Commercial traders in the Japanese Yen have built their largest long position since June of 2007 according to the latest Commitment of Traders Report. Clearly, the commercial traders as a group believe that the 24% decline in the Yen over the last year or, so is nearing an end.

Before we discuss the trade, let’s clear up the primary area of confusion regarding Yen trading here in the United States. The Japanese Yen futures market traded at the Chicago Mercantile Exchange is quoted in Dollars per Yen. This leads to a current quote of .009761 yen per Dollar. Meanwhile, Forex (FX) quotes the Dollar Yen cross as, “How many Yen does it take to buy $1.” In this case, it takes 102.45 Yen to purchase $1. Many people get confused when the quote they see on CNBC doesn’t match the quote on the internet. Many times this is simply due to the formatting of the quote. Using the inverse will typically put a strange looking quote in the form you’re used to seeing it in.
Getting back to the trade, it’s clear that Prime Minister Abe’s plan to devalue the Yen has seen early success. There appear to be growing concerns as to how long Japan will be able to continue to devalue their currency. Based on the 60% increase in commercial longs since November 1, it seems clear that the big money is suggesting this round of devaluation is nearing an end. You can see the chart, here.

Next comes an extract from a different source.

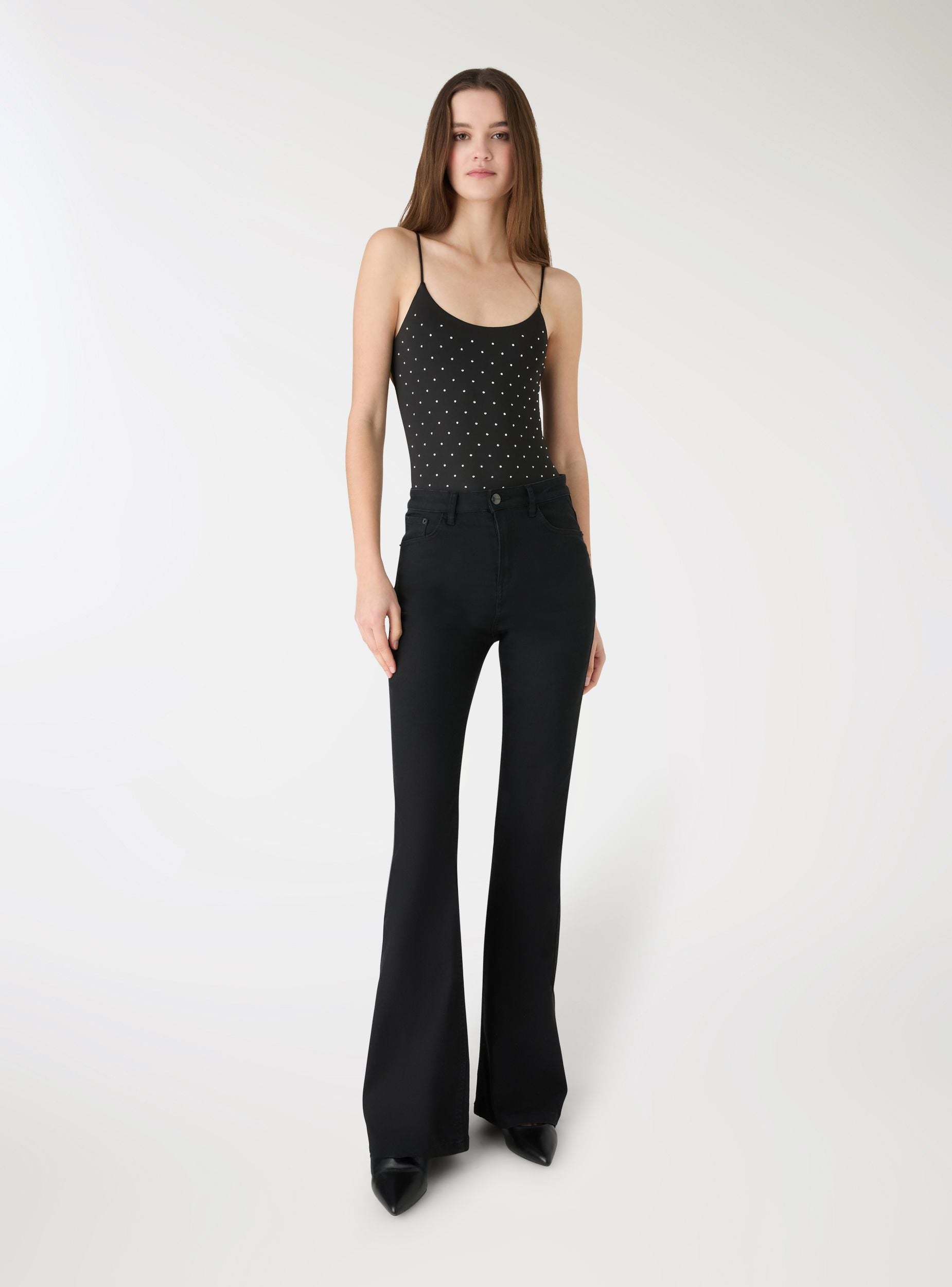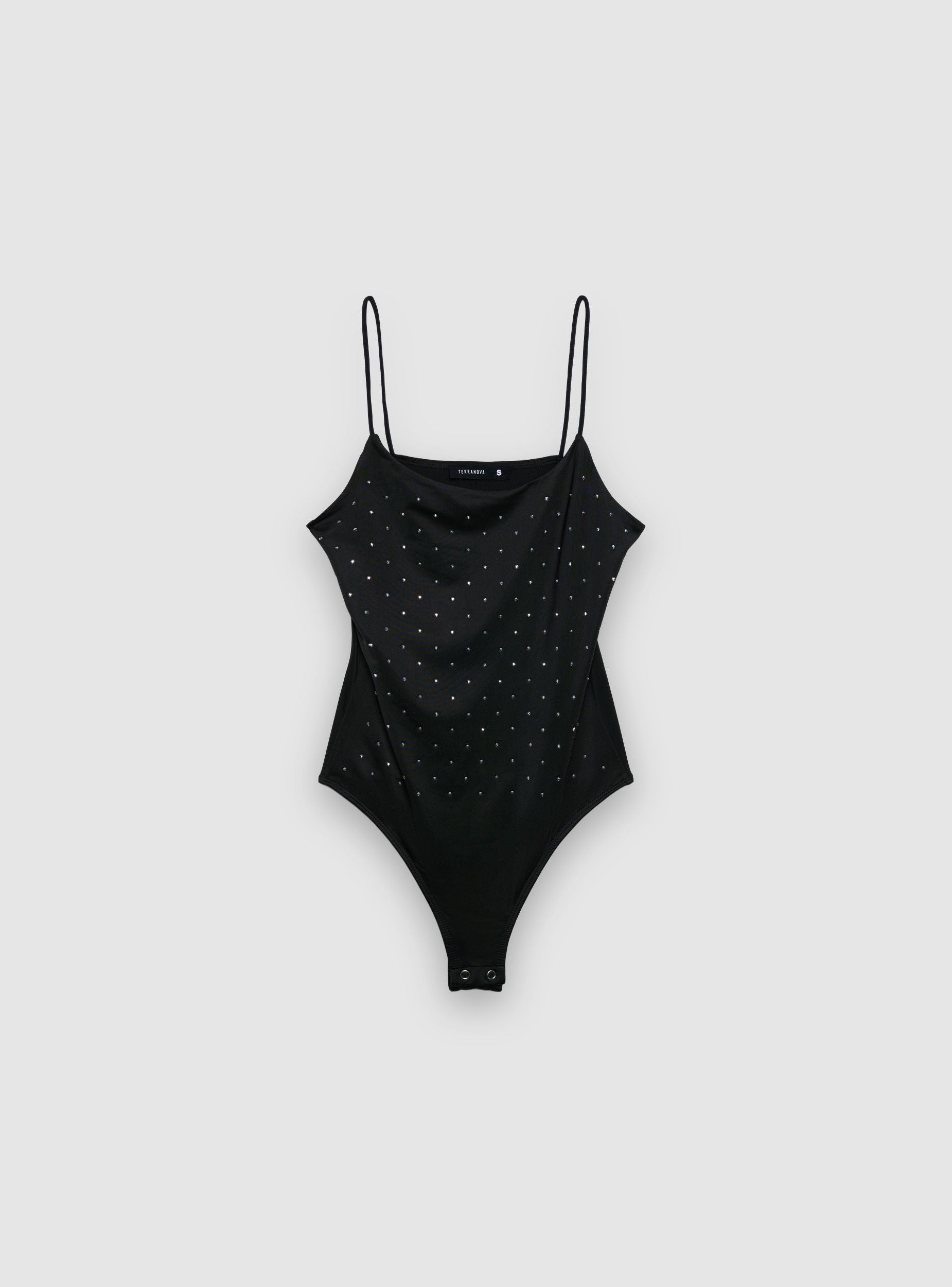 Body da donna a tinta unita con spalline sottili, impreziosito da applicazioni strass. Chiusura con bottoni a pressione al cavallo per una vestibilità pratica. Ideale sotto blazer o camicie per look serali o party, si abbina a jeans skinny o gonne midi. Linea aderente che valorizza la silhouette.Dettagli

I use this setup as a reversal strategy. Once the market begins to turn higher, I will look for a spot to get it bought. I will not buy this market until it can make some kind of bounce and at least establish a swing low of some sort. The swing low, once provided, will give me a spot to place my protective sell stop and allow me to determine the risk of the trade and adjust my leverage appropriately.

Patience is the key. Never try to catch a falling knife, so they say.